Are scores on high-stakes tests primarily a function of socioeconomic status? Do mandatory seat belt laws save lives? In this course, students will learn how to use a set of quantitative methods referred to as the general linear model--regression, correlation, analysis of variance, and analysis of covariance--to address these and other questions that arise in educational, psychological, and social research. [Syllabus]
Our strategy involves learning statistical analysis by doing statistical analysis. During the semester, we address a variety of substantive research questions by analyzing dozens of data sets and fitting increasingly sophisticated regression models. As we learn how to use regression models in practice, we willl discuss their:
- Purpose. What types of research questions is the model most useful for addressing?
- Mathematical representation. How does the model algebraically capture the relationship(s) we’re trying to examine?

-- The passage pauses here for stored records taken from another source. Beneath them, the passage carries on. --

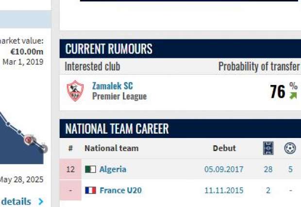 كشف موقع «ترانسفير ماركت»، المتخصص في الإحصائيات الرياضية، عن اقتراب نادي الزمالك من التعاقد مع اللاعب الجزائري آدم وناس، بنسبة تصل إلى 76%.
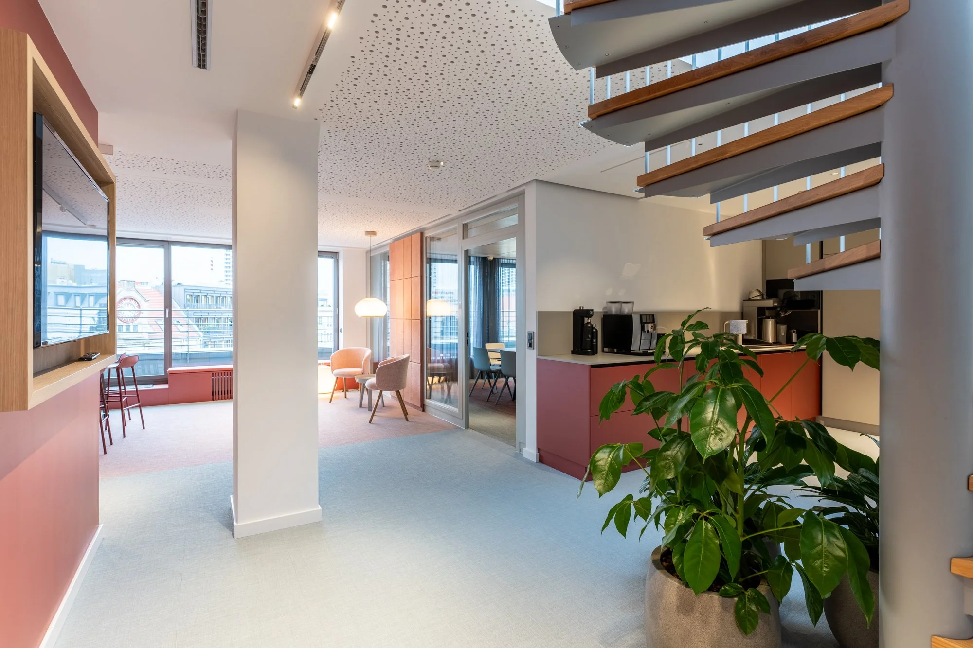 Ein zentrales Anliegen des Bauherrn war die konsequente Weiterverwendung vorhandener Bauteile und Strukturen im Sinne eines nachhaltigen Umgangs mit dem Bestand. Die bestehenden Glastrennwände sowie die Kühldecken-Elemente wurden erhalten und integrativ in das neue Raumkonzept überführt. Letztere wurden in ein neu definiertes Raster eingeordnet und auf Grundlage präziser Berechnungen in eine überarbeitete Deckenplanung eingebunden, die zugleich die Anforderungen an Beleuchtung und Lüftung erfüllt. Akustisch wirksame Deckenbekleidungen lassen die bestehenden Metallpaneele visuell zurücktreten, ohne deren Funktionalität zu beeinträchtigen. Im Zuge der Umnutzung wurde zudem der Raumakustik besondere Aufmerksamkeit gewidmet; durch den gezielten Einsatz von Akustikelementen im Trockenbau sowie von wandseitigen Absorbern konnte eine hohe akustische Qualität erzielt werden.
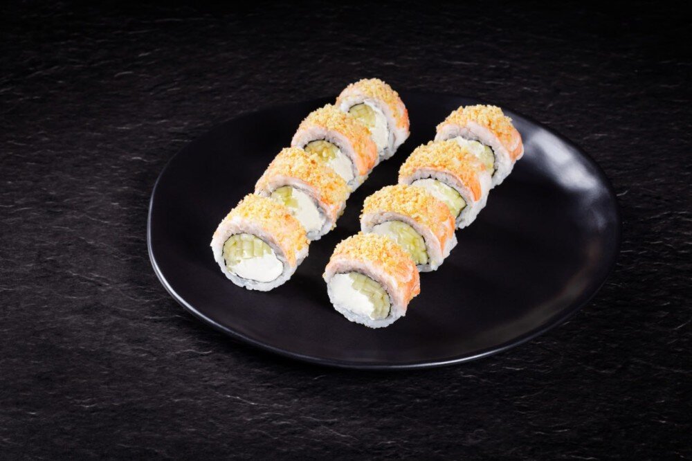 Ryż, nori, ser, jabłko, krewetka, ser z syropem kokosowym, orzechy makadamia.
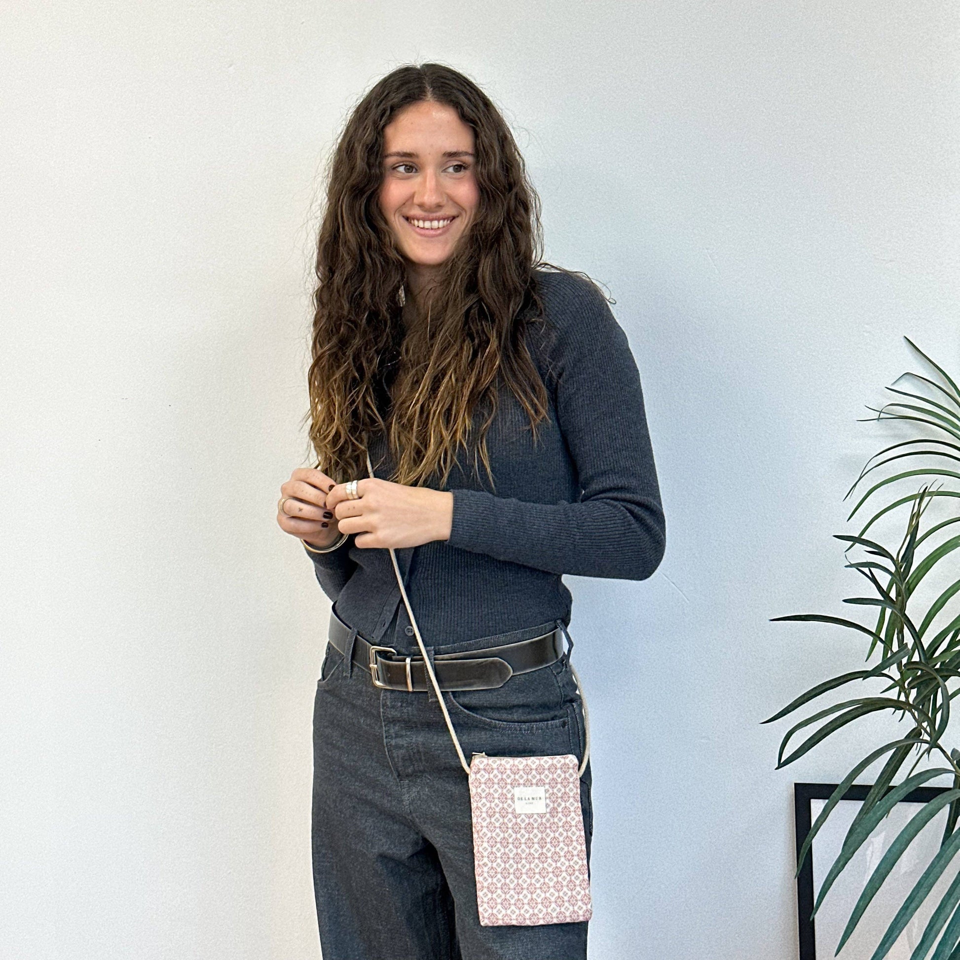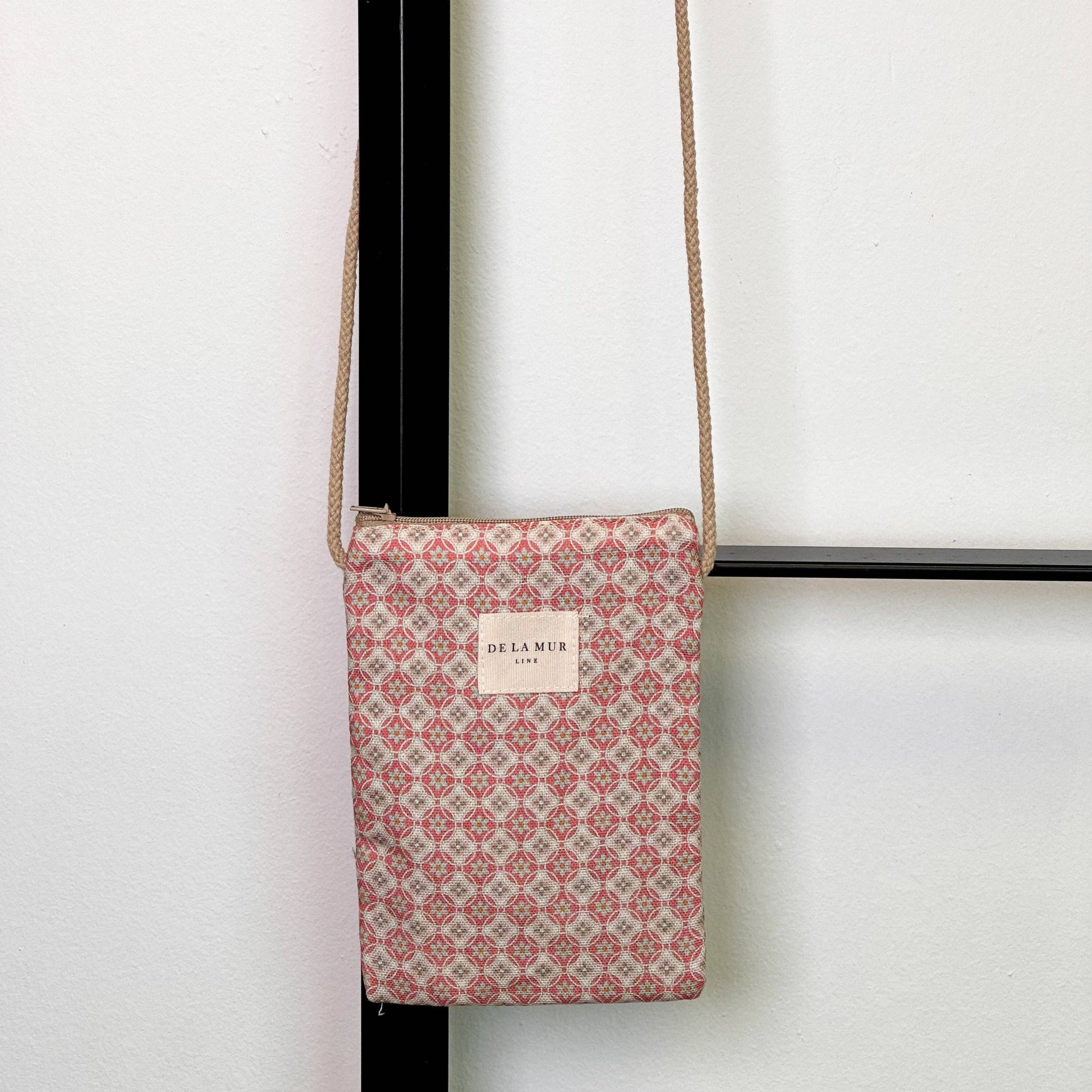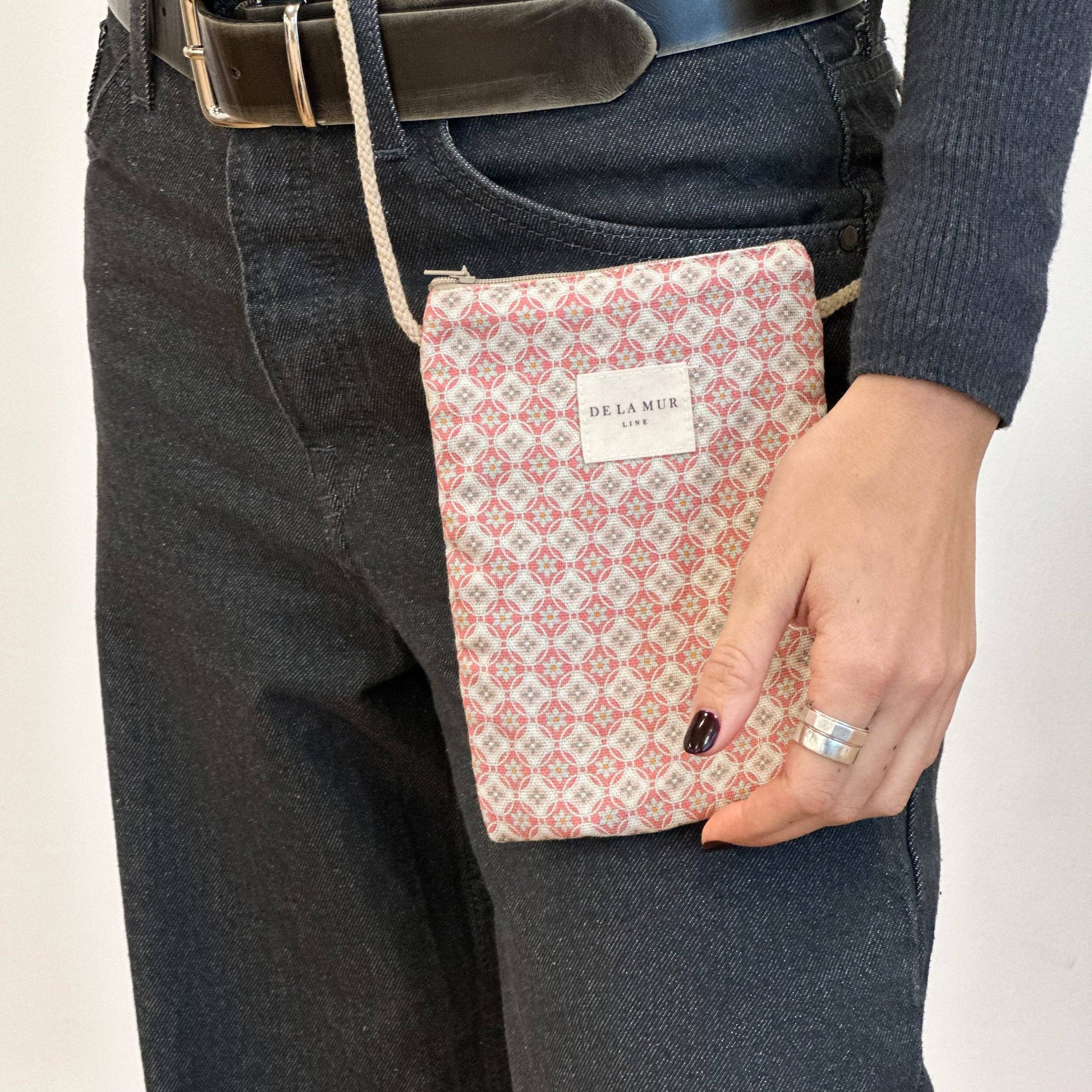 Mobil axelväska med dragkedja på toppen och lång beige bomullsdragsko. Med tyg med ett rosa geometriskt tryck. Fodrad med tjockt grått tyg på insidan. För korrekt underhåll är det lämpligt att tvätta det i kylan för hand och inte använda en torktumlare.

- Assumptions. What assumptions need we make so that we can fit the model to data? How do we determine whether these assumptions hold? What should we do when they don’t?
- Implementation. How do we get the computer to do the calculations?
- Interpretation. How do we interpret the computer results? What inferences may we make? What inferences shouldn’t we make?
- Presentation. How should we present results to a technical audience? To a non-technical audience?
- Relationship to other statistical methods. How is regression similar to and different from other methods you’ve learned or read about?
- Implications for research design. How should the next study be designed so that we’d be in better shape to address our research questions?
- Limitations. What cautions and caveats should we be aware of, and how should we convey these concerns to technical and non-technical audiences?
By the end of the semester, students' statistical skills should be sufficiently developed that they can critically examine other people’s research and carefully perform some of their own.